TASK ITEM => Leave the pictures out. Return the rest of the listing below exactly.

DATA EXCERPT =>

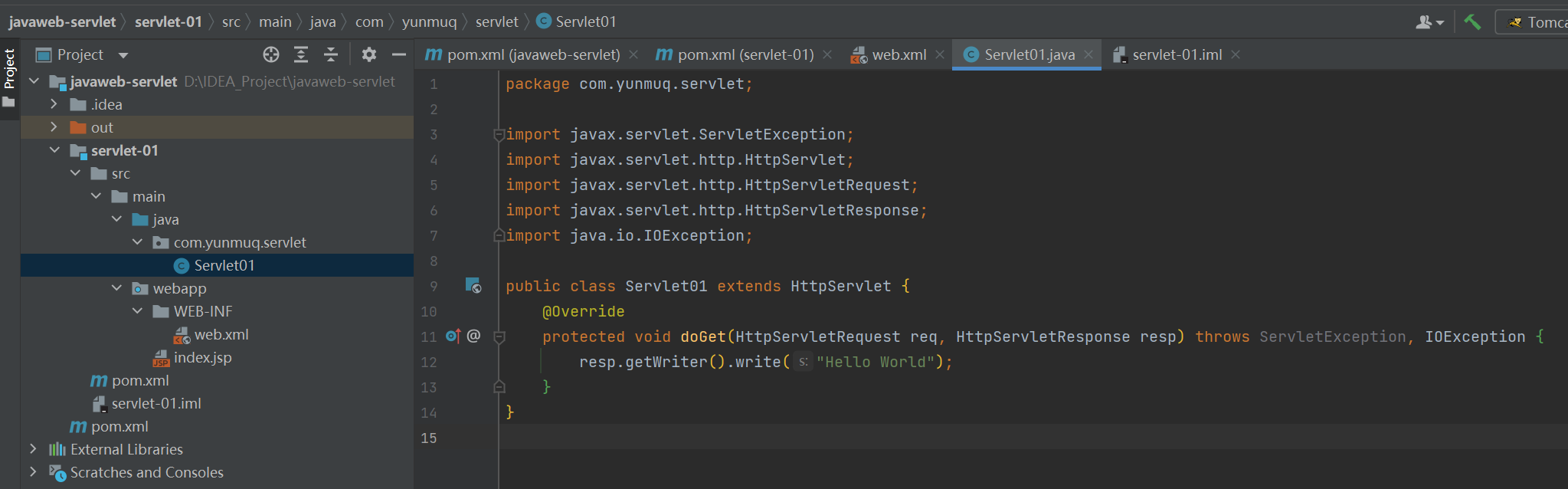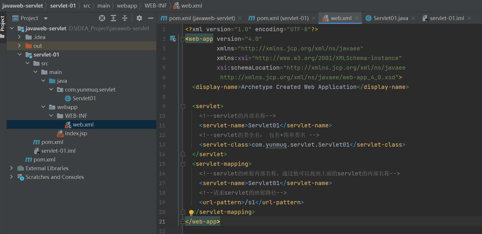 <servlet-class>com.yunmuq.servlet.Servlet01</servlet-class>
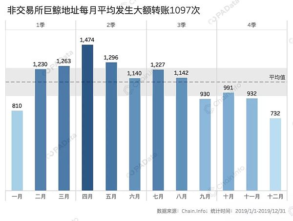 如果将余额大于2000比特币的非交易所地址定义为“巨鲸”地址的话,这些地址大约占比特币总活跃地址数的0.01%左右。根据统计,2019年非交易所“巨鲸”地址平均每月进行单笔超过50个比特币的大额转账的次数约为1097次,相当于每天有3次左右。其中第二季度是非交易所“巨鲸”大额转账最频繁的一段时间,4、5、6月共计发生3910次大额转账,4月大额转账1474次,创下全年最高。
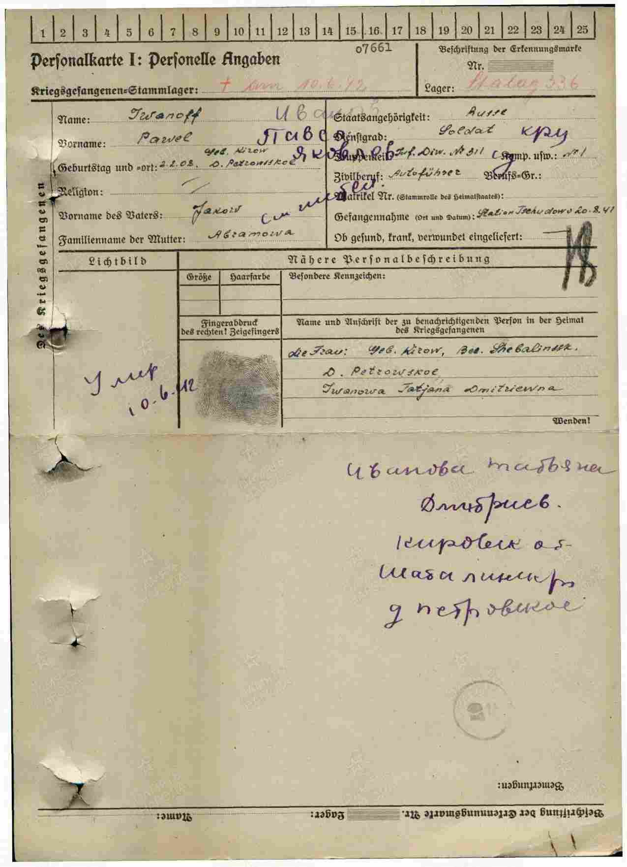 Немцы скрывали следы своих преступлений, сначала было невозможно узнать, где, как и когда погиб солдат. Долгое время было неизвестно, как и когда погиб и мой прадед. Уже после войны его жена получила письмо из Архангельска от его друга, с которым они вместе находились в концлагере. Он и сообщил, что Павел умер от тифа в июне 1942 года. Точное место захоронения установить так и не удалось, так как немцы обычно сжигали болевших тифом. Но сейчас нам удалось узнать, где и когда погиб мой прадед.

THE COMPLETED TASK =>
 <servlet-class>com.yunmuq.servlet.Servlet01</servlet-class>
 如果将余额大于2000比特币的非交易所地址定义为“巨鲸”地址的话,这些地址大约占比特币总活跃地址数的0.01%左右。根据统计,2019年非交易所“巨鲸”地址平均每月进行单笔超过50个比特币的大额转账的次数约为1097次,相当于每天有3次左右。其中第二季度是非交易所“巨鲸”大额转账最频繁的一段时间,4、5、6月共计发生3910次大额转账,4月大额转账1474次,创下全年最高。
 Немцы скрывали следы своих преступлений, сначала было невозможно узнать, где, как и когда погиб солдат. Долгое время было неизвестно, как и когда погиб и мой прадед. Уже после войны его жена получила письмо из Архангельска от его друга, с которым они вместе находились в концлагере. Он и сообщил, что Павел умер от тифа в июне 1942 года. Точное место захоронения установить так и не удалось, так как немцы обычно сжигали болевших тифом. Но сейчас нам удалось узнать, где и когда погиб мой прадед.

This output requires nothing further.